И Цыбиков тотчас мысленно распрощался со своей квартирой.
– Ты, Цыбиков, тут не юли! – сказал Петренко строго. – Порядок полный в документах! Должен – отдай! Нету – займи! А мозги приличным людям пудрить не годится!
Участковый Петренко, неоднократно передававший Цыбикова милицейскому наряду с целью дальнейшего перемещения Андрея Петровича в медвытрезвитель, был для Цыбикова и царь, и бог, истина в последней инстанции, выше которой уже только Маргарита Петровна, и теперь получалось, что больше надеяться не на кого.
Ободренный милицейской поддержкой президент уже отдавал приказания.

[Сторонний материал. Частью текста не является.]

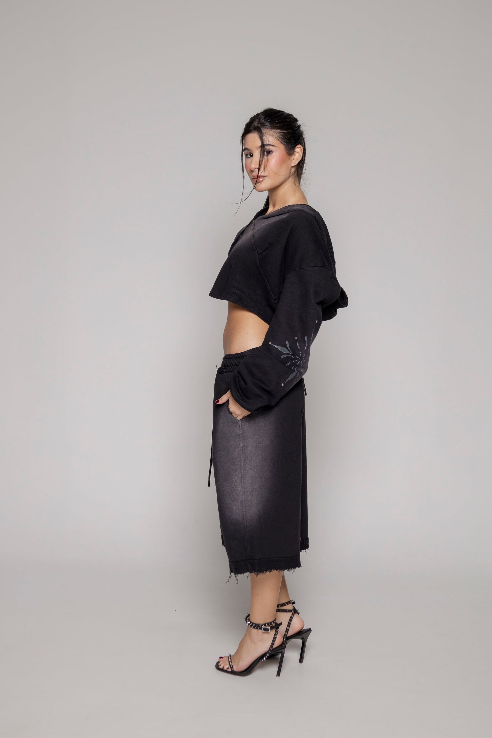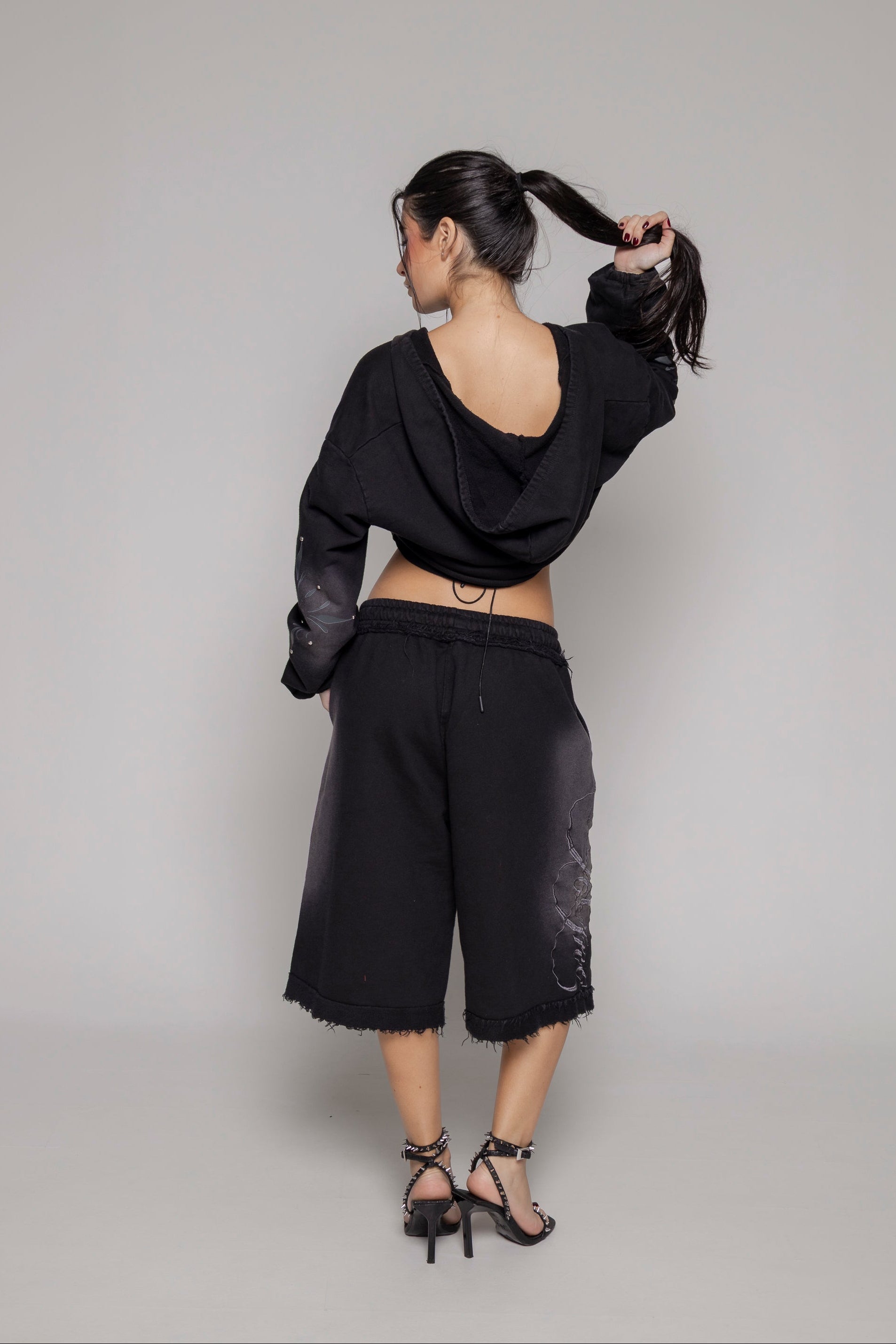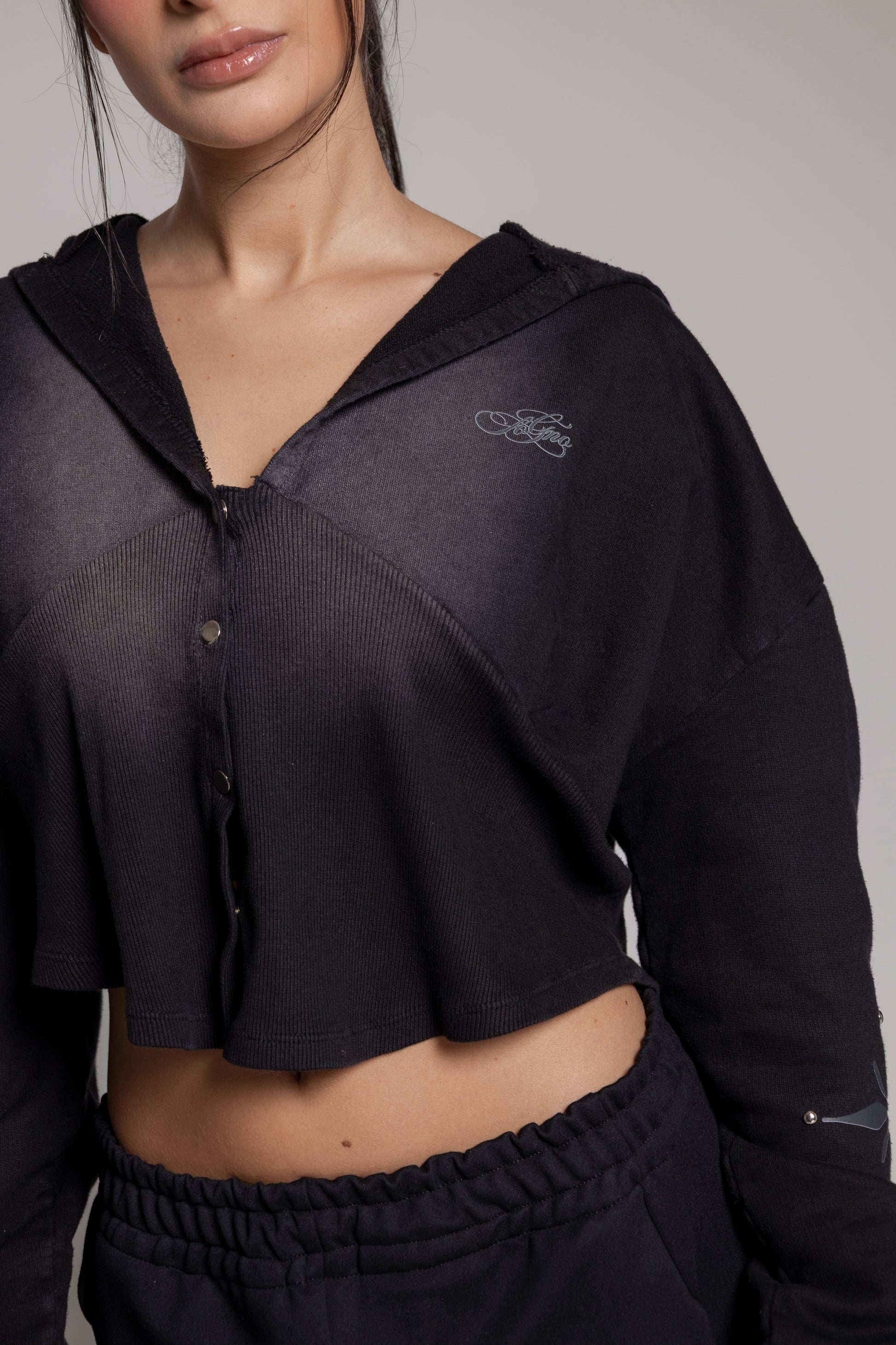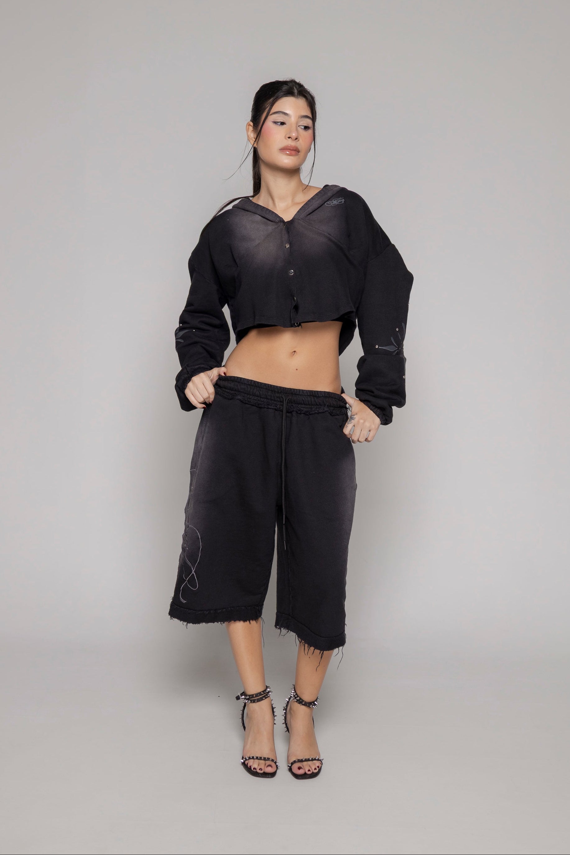 Este buzo corte en v de burda incluye una chompa y presenta estampados tanto en la parte frontal como en las mangas con taches. Está hecho con puños y fajones en tejido rib para mayor comodidad y ajuste.

Срочно вызывались юристы с нотариусами, риелторы с охранниками, все они очень быстро прибыли, будто только и дожидались где-то рядом, за дверями, и вскоре квартира заполнилась деловитыми малоразговорчивыми людьми, которые, не обращая никакого внимания на семейство Цыбиковых, бесцеремонно ходили по комнатам, осматривая внимательно потолок, пол и стены, оценивая состояние сантехники и батарей центрального отопления, а кое-где и измеряя что-то им одним понятное с помощью строительной рулетки. При этом в бумаги заносились данные, кто-то важный подписывал какой-то акт, для чего дюжие охранники услужливо освободили половину кухонного стола, бесцеремонно сдвинув в сторону икру с омарами, и обездвижевший Андрей Петрович Цыбиков безвольно наблюдал, как на его глазах в чужие руки уплывает квартира, в которой лично он прожил полжизни. Он окончательно протрезвел, и его теперешнее состояние можно было безошибочно охарактеризовать как тяжелое похмелье после бесшабашной и безудержной пьянки. Выпивали – веселились, а проспались… нет квартиры.
– Ну что, Андрюшенька, допился? – спросила строго мужа Маргарита Петровна.
Цыбиков привычно ужаснулся, но ужас этот был сейчас не сильный, а какой-то вялый, потому что все самое страшное уже произошло, и надо было еще сжиться с тем, что случилось, прежде чем научиться пугаться каких-то новых страхов.
– А я предупреждала! – сказала Цыбикова мстительно.
И уже понятно было, что оттопчется она по незадачливому своему муженьку по полной программе.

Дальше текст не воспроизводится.